Table 3.15: Percentage of literates among elderly persons in India
Years Rural Urban Total
Male Female Total Male Female Total Male Female Total
Census
1991
34 18 21 66 3 49 41 13 27
Census
2001
45 13 29 75 42 58 53 20 36
NSSO
Survey
2007-08
44 13 28 77 44 61 52 21 36
Source: Census of India 1991, 2001 & NSSO Survey 2007-08
Table 3.15 tells us about the percent of literates among elderly
in India. It has been found that percentage of literate elderly males
was 41 in 1991 and on the other side among their female
counterparts, it was only 13 percent. In 2001, it was 53 percent for
males and 20 percent for females. The proportion of literates among
elderly persons has increased from 27 percent in 1991 to 36 percent
in 2001 (Figure 3.9).
71
72
According to NSSO Survey for 2007-08 only 52 percent of
elderly males and 21 percent of elderly females (aged 60 years or
above) were literate. It has been observed that the literacy rate among
both elderly males and females have improved over time in both rural
and urban areas and the literacy rate among males was more than
their female counterparts.
Old Age Dependency Ratio
The total dependency ratio is often used as an indicator of
the economic potential, the principal argument being that a low
dependency implies more workers and the need to divert fewer
resources to dependent populations. It has also been argued that
the shift in the age composition of the population (in favour of
ageing of population) is likely to damage the economy. As older
people consume a higher proportion of the national budget for
health, social services and social security, these become somewhat
self-evident aspects, particularly in the developed countries. For
example, for the USA it is estimated that per capita costs for
elderly persons are approximately three times those incurred by
youth. Comparable figures for the developing world indicate that
the costs of elderly people are 1.5 times higher than for young
people (Johnson, 1993).
The old-age dependency ratio measures the responsibility of
the aged to the working-age population. In India, generally,
persons aged 15 to 59 years are supposed to form the population
of working ages and at age 60, people generally retire or withdraw
themselves from work. Thus old age dependency ratio is obtained
by dividing the population aged 60 or more by the population of
working ages.
73
Table 3.16: Old age dependency ratio by sex and Residence, India 1961-2001
Year Male Female Total Rural Urban
1961 10.9 10.9 10.9 11.4 8.7
1971 11.4 11.6 11.5 12.2 8.9
1981* 11.8 12.2 12.0 13.0 9.2
1991** 12.2 12.2 12.2 13.2 9.7
2001# 12.4 13.8 13.1 14.1 10.8
Source: Census of India 1961-2001
* Excludes figures for Assam in 1981 where the Census was not conducted
** Excludes Jammu & Kashmir where the Census 1991 was not conducted
# Excludes 3 sub-divisions of Senapati district of Manipur
Table 3.16 shows the old-age dependency ratio by sex in India.

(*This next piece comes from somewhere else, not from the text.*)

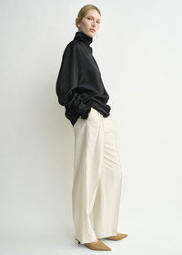 Designer’s note: "An effortless evening blouse with a dramatic high neck that slouches for a little volume. It's crafted from shiny double satin and fastens with a back zipper." Details & Fit - Black - Back zipper - 100% viscose - Dry clean - Style number 254-WRT0648-FB0020 - The model is 180cm/5'11 tall and wears a size 36 - Tapered fit

The movement of the ratio overtime indicates an ever-rising trend in
this ratio which rose from 10.9 percent in 1961 to 12.0 percent in
1981 and further to 13.1 percent in 2001. Among the males, old-age
dependency ratio was 10.9 percent in 1961 and rose to 11.8 percent
in 1981 and further to 12.4 percent in 2001. On the other side among
the females, it was 10.9 percent and rose to 12.2 percent in 1981 and
further to 13.8 percent in 2001. It has been found that the female old-
age dependency ratio as well as the gap between female and male old-
age dependency ratio are rising over time (Figure 3.10). This is a
matter of great concern. It has been observed that there was a
considerable difference between the dependency ratio of rural and
urban areas. In rural areas, it rose from 11.4 percent in 1961 to 14.1
percent in 2001 while in the urban areas it rose from 8.7 percent in
1961 to 10.8 percent in 2001. This is due to the fact that the working
age population was highly concentrated in the urban areas.
74
75
Living arrangements among elderly
The conventional living pattern of the elderly has drastically
changed, following the reduction in fertility and the increase in life
expectancy particularly at older ages. In India, the traditional practice
has been for people to live together with children in old age. Living
with children need not necessarily with the intention of receiving care
and support, but often the rest of the family also benefit from the
arrangements for example, when the younger women of the household
go to work, their children are often taken care of by the grandparents.
In fact, the United Nations (2003) in its announcement of theme for
international day for older persons depicts healthy older persons as a
resource for their families, societies and the economy of their
respective countries.
Living arrangement is an important component in dealing the
welfare of any specific group. The elderly persons, being less able to be
independent, need the care and support of others in several respects.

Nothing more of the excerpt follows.